1) In mimir this is Project 03 - friendly and solitary numbers
2) Mimir will start with the skeleton code in the IDE
General Hints:
1. You can write as many functions are you like over and above the ones I have specified.
a. Make sure you write the requested functions exactly as specified. They will be tested individually according to that specification.
b. We will only test the functions we indicated above.
2. The functions returns alone may not be very informative. Don't feel restricted to meeting the test criteria right away. Feel free to place lots of output statements in your functions so you can see what is going on.
3. Develop the functions one at a time and run the appropriate test case to see that the function works!

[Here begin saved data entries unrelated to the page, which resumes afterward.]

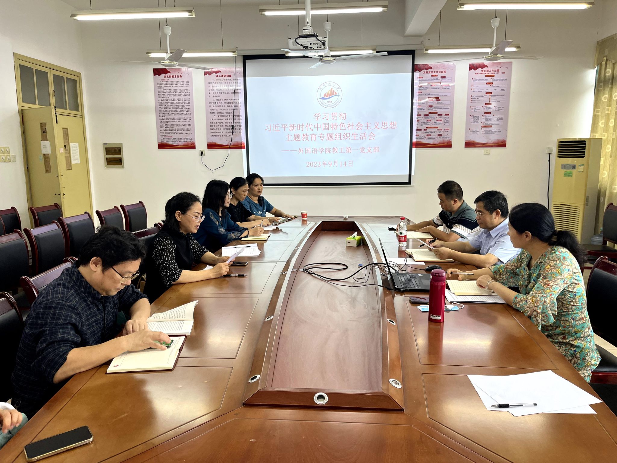 根据《外国语学院学习贯彻习近平新时代中国特色社会主义思想主题教育专题组织生活会方案》要求,9月14日下午,外国语学院各党支部召开主题教育专题组织生活会,学校党委常委、副校长肖宜安,学院党委班子成员以普通党员身份参加并指导所在党支部专题组织生活会。
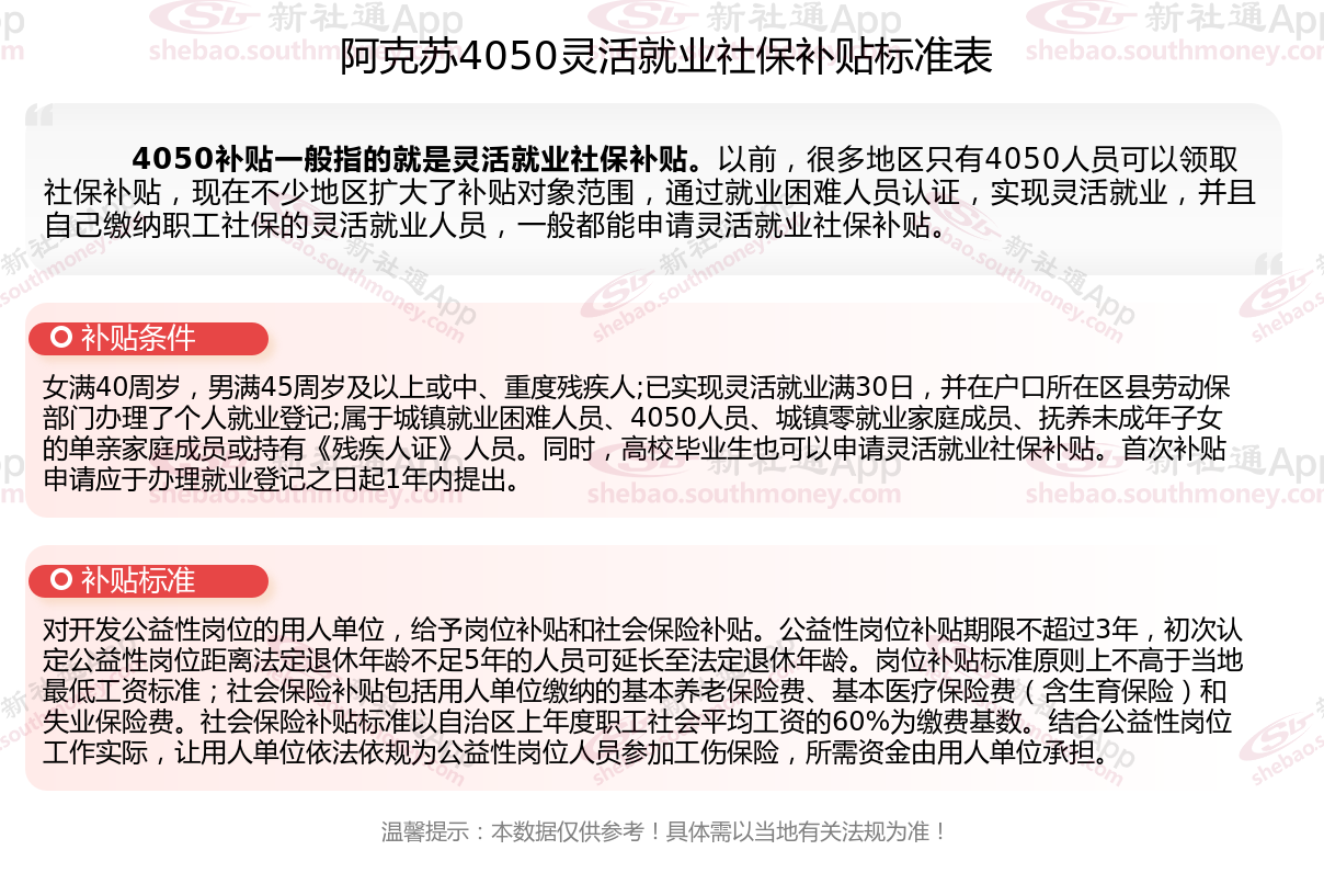 二、2025年阿克苏4050社保补贴标准(阿克苏4050灵活就业人员补贴标准是多少钱?阿克苏2025年4050补贴新规能领多少钱?)
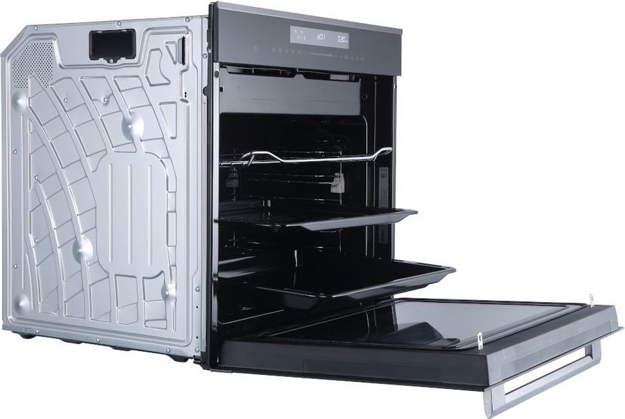 - Тройное остекление дверцы - Специальные материалы стекла обладают свойствами защитного экрана, удерживающего тепло внутри камеры, а конструкция дверцы с применением трех стекол позволяет снизить температуру фронтальной поверхности до минимума. Все это снижает потребление электроэнергии и делает приготовление полностью безопасным.
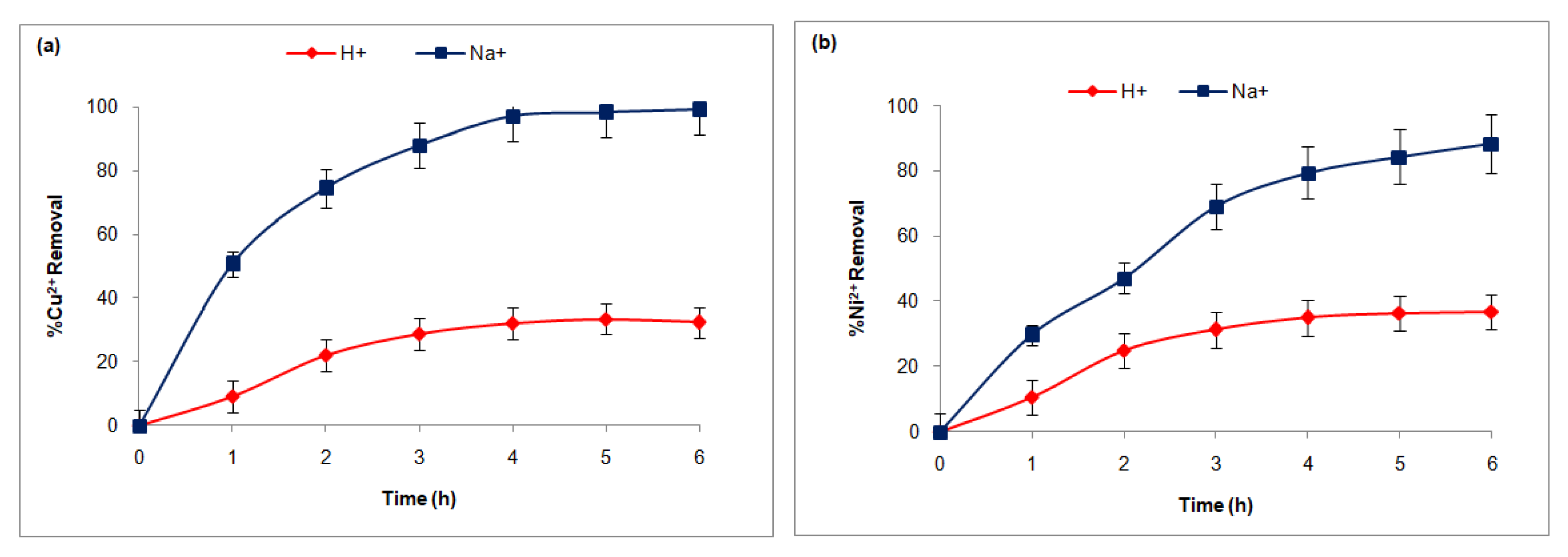 - Radovanovic, D.; Dikić, J.; Štulović, M.; Anđić, Z.; Kamberović, Ž.; Jevtić, S. Sorption of Pb2+, Zn2+, Cu2+ and Ni2+ Ions on Na-Enriched Natural Zeolite for Wastewater Treatment Process: A Kinetic Approach. Metall. Mater. Eng. 2023, 29, 20–35. [Google Scholar] [CrossRef]
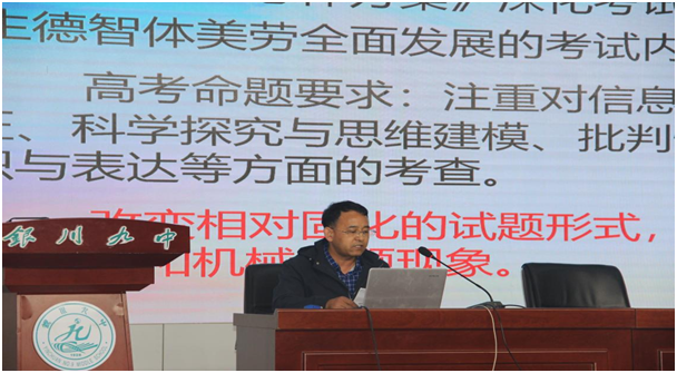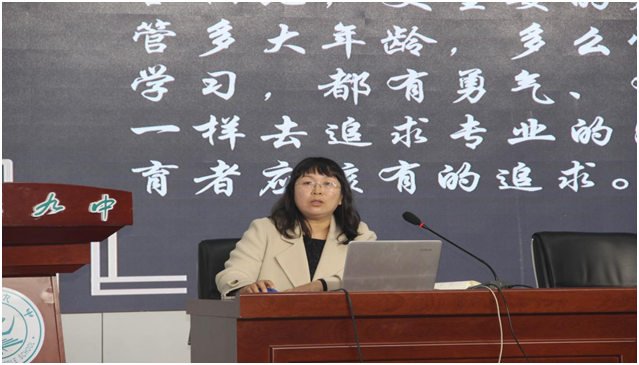活动第三项,银川市第九中学的丁玉芳老师、石志忠老师和贺兰县第一中学的马荣老师分别作讲座,分享了课题研究与教研实践的内容与心得。
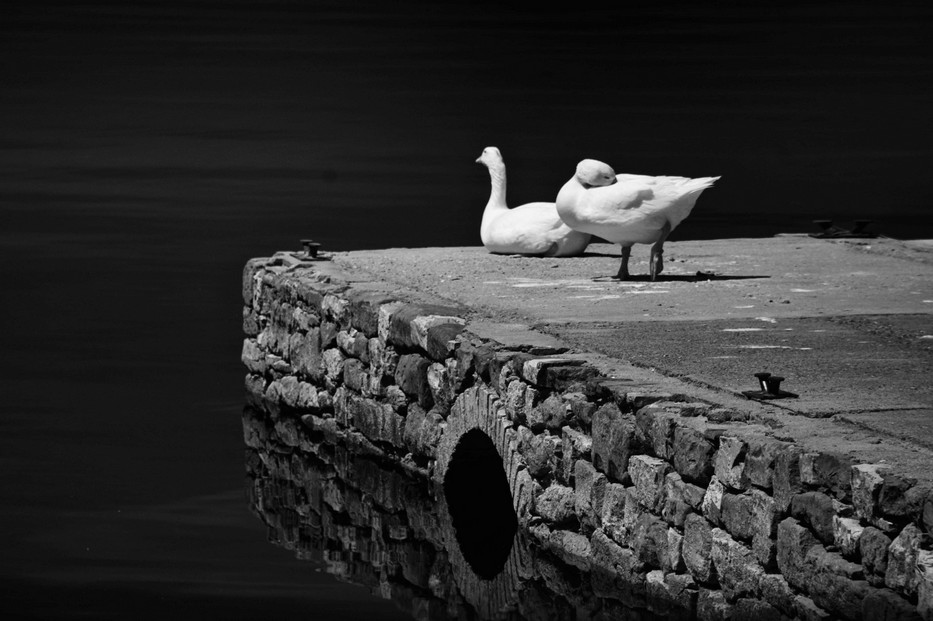 Pontile du restaurant L’Oso, et ses locataires habituels, les oies de l’Isola. 26 avril 2018 – 12:43 1/30° – f/8 – 210 mm – ISO 200
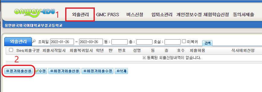 2. ¿ÜÃâ°ü¸® Ç׸ñ ÁÂÃø ÇÏ´Ü Á¤±â¿ÜÃâ½ÅûÀ» Ŭ¸¯
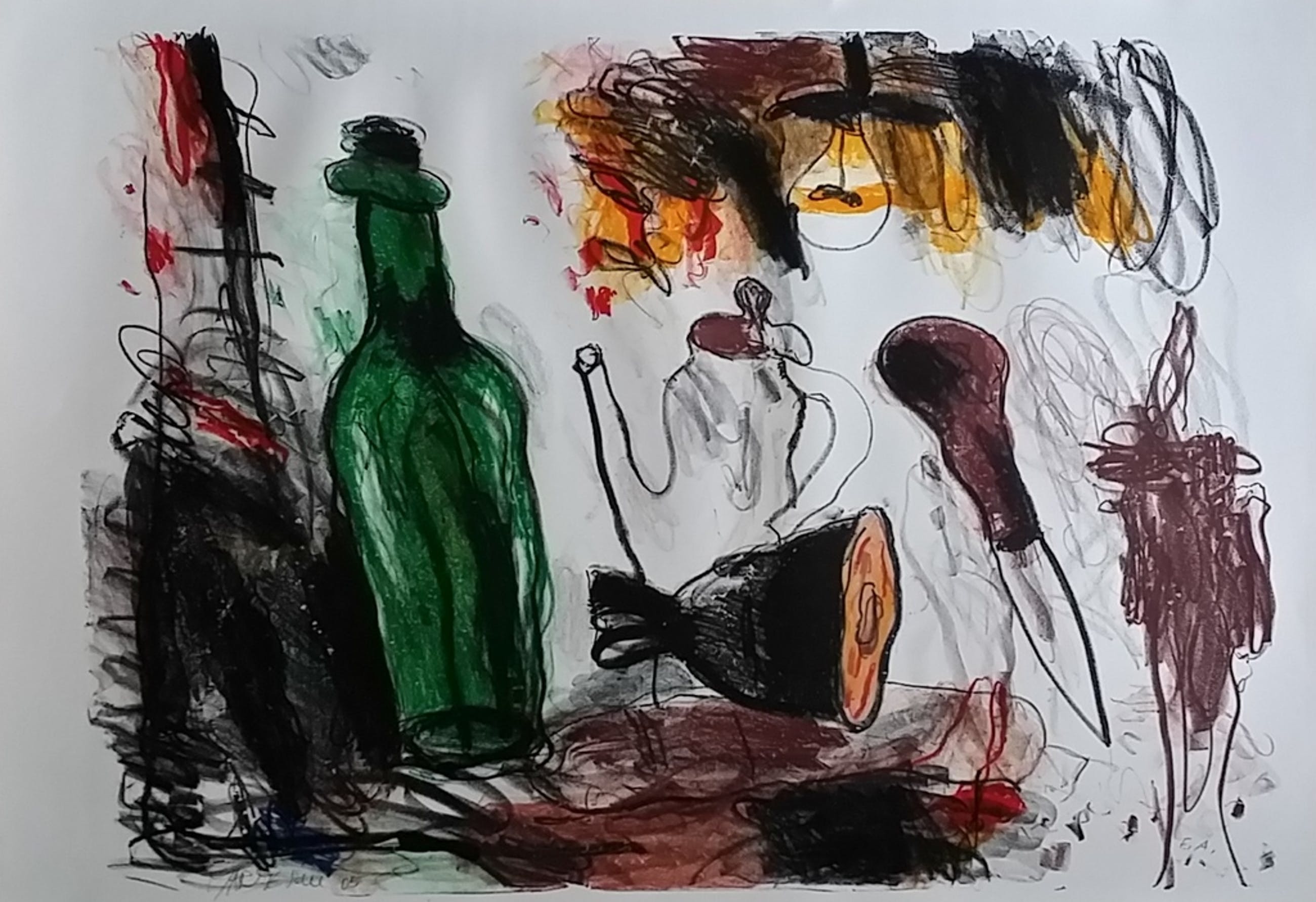 Stilleven met ham - gesigneerde zeefdruk - oplage E/A ex.

a. Don't write everything all at once, write one function at a time, test it and make sure it works.
Specific Hints
If we were more knowledgeable about algorithms we could discuss how to be efficient about these checks, but for now we would just like them to work. Here are some pretty specific suggestions, but feel free to work it out for yourself
divisor_sum:
• You are going to check for each number from 1 to n to see if it divides evenly into n (obviously 1 and n will). If it does then you add it to the sum of divisors
• You can be more efficient than that, but it takes a little thought. That would matter for a big number.
gcd:
• The linked page gives a pretty good description in pseudo-code of what you need to do.
• it is essentially swapping (with t as a temp variable, bad naming!) the values:
o a ß b
o b ß a mod b
• gcd comes in handy to reduce your fractions and to determine (as best we can) whether a number is solitary
is_solitary:
• gcd is everything here. If the gcd of the divisor_sum(n) and n is 1, then it is solitary o does this capture a prime value??
• we assume it is not solitary (return false) if it doesn't meet the above conditions.
friendly_check
• remember to return the result of abIndex_friend as the return value
Testing
When we get to separate compilation of files, you will no longer submit a main program. We will test your programs independently. However, the approach taken here, a case statement with a case for each function is a pretty handy way to do your own testing. Pay attention and you might make use of it yourself later on.